J-S08030-24
NON-PRECEDENTIAL DECISION - SEE SUPERIOR COURT O.P. 65.37
COMMONWEALTH OF PENNSYLVANIA : IN THE SUPERIOR COURT OF : PENNSYLVANIA : v. : : : DOMENIQUE THOMAS WILSON AKA : DONMONIC THOMAS WILSON : : No. 1184 MDA 2023 Appellant :
Appeal from the PCRA Order Entered July 18, 2023 In the Court of Common Pleas of Clinton County Criminal Division at No(s): CP-18-CR-0000148-2009
BEFORE: OLSON, J., MURRAY, J., and STEVENS, P.J.E.*
MEMORANDUM BY MURRAY, J.: FILED APRIL 15, 2024
Domenique Thomas Wilson, a.k.a. Donmonic Thomas Wilson
(Appellant), appeals from the order denying his fifth petition for relief filed
pursuant to the Post Conviction Relief Act (PCRA), 42 Pa.C.S.A. §§ 9541-9546.

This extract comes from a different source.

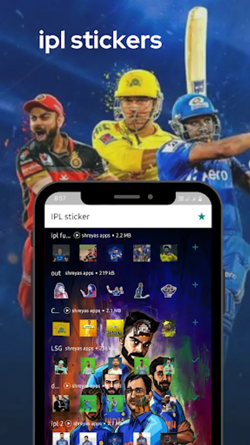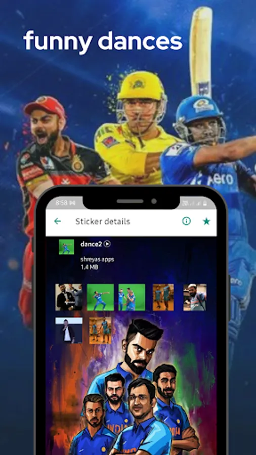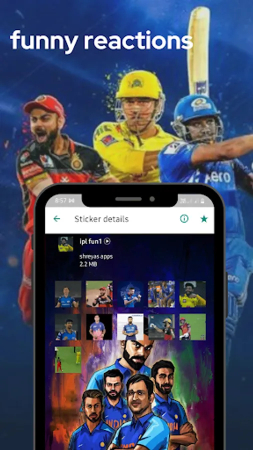 - famous trending, crunch moments IPL stickers, reaction stickers, dance stickers
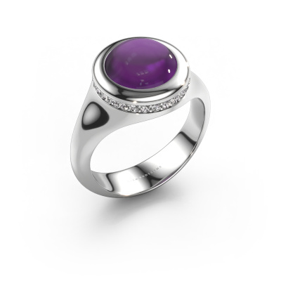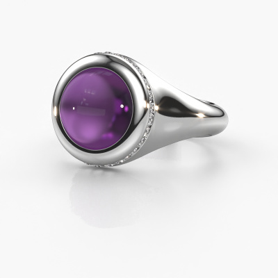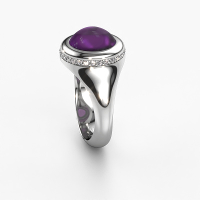 In diesem Foto ist der Weißgold Lesli RND Ring mit einem 10 mm rund cabochon Amethyst besetzt. Cabochon bedeutet, dass ein Amethyst zuerst geformt, nicht facettiert wird. Nämlich in eine bestimmte Form wie einen Tropfen, ein Herz oder ein rund cabochon. Anschließend wird er poliert, bis der Edelstein eine Runde Oberfläche hat. Ein Cabochon-Edelstein ist ein atemberaubender, nobler Blickfang, der perfekt zu einem zeitgenössischen wie auch zu einem Vintage-Stil passt. Unsere erfahrenen Goldschmiede formen den schöne Ring bis zur Perfektion und machen ihn einzigartig. Der Cabochon Amethyst ist so gefasst, dass seine einzigartigen Qualitäten verstärkt werden. Sobald Sie Ihren Lesli RND Ring mit unserem Online-Tool fertiggestellt haben, beginnen unsere Goldschmiede mit der kreativen Anfertigung Ihres Ringes. Dieser wird mit Leidenschaft und Sorgfalt nach alter Handwerkskunst gefertigt. Darüber arbeiten wir mit ehrlichen Edelsteinen. Einfach online mit unserem Online-Tool anpassen, wenn Sie Änderungen wünschen. Wenn Sie spezielle Änderungen an Ihrem Lesli RND Weißgold Ring vornehmen möchten, die in unserem Online-Tool nicht verfügbar sind, wenden Sie sich bitte an unsere Experten.Nach Erhalt Ihrer Bestellung beginnen unsere Goldschmiede mit Leidenschaft den kreativen Prozess und fertigen Ihren Ring in unserem eigenen Studio. Da wir keine großen Lager haben, werden diese Kosten nicht an Sie weitergegeben. Unsere Preisgestaltung ist der Beweis dafür! Wir bieten Schmuck zum niedrigsten Preis, garantiert.Um es einfacher zu machen, bieten wir eine kostenlose 30-tägige Rücksendung.

Appellant’s counsel (Counsel) has filed a petition to withdraw as counsel and
a Turner/Finley1 “no-merit” letter. We grant Counsel’s petition to withdraw
and affirm the PCRA court’s order.
In 2009, Appellant broke into an apartment occupied by three women,
raped two of the women, and stole their debit cards, credit cards, and cell
____________________________________________
* Former Justice specially assigned to the Superior Court.
1 See Commonwealth v. Turner, 544 A.2d 927 (Pa. 1988); Commonwealth v. Finley, 550 A.2d 213 (Pa. Super. 1988) (en banc). J-S08030-24
phones. Appellant fled the scene. He later withdrew money from one victim’s
bank account and attempted to make purchases with one of the stolen credit
cards. On February 13, 2009, shortly after 2:00 p.m., police arrested
Appellant pursuant to a bench warrant.2 Thereafter, Appellant was taken to
the police station. Police requested three search warrants, which were issued
between approximately 8:50 and 9:00 p.m. the same day. After executing
the search warrants, police obtained, inter alia, DNA linking Appellant to the
above-described crimes. The Commonwealth charged Appellant, via a 37-
count criminal information, with various sexual and theft-related offenses.
A jury convicted Appellant of all 37 charged offenses. On June 7, 2010,
the trial court sentenced Appellant to an aggregate 70 to 196 years in prison.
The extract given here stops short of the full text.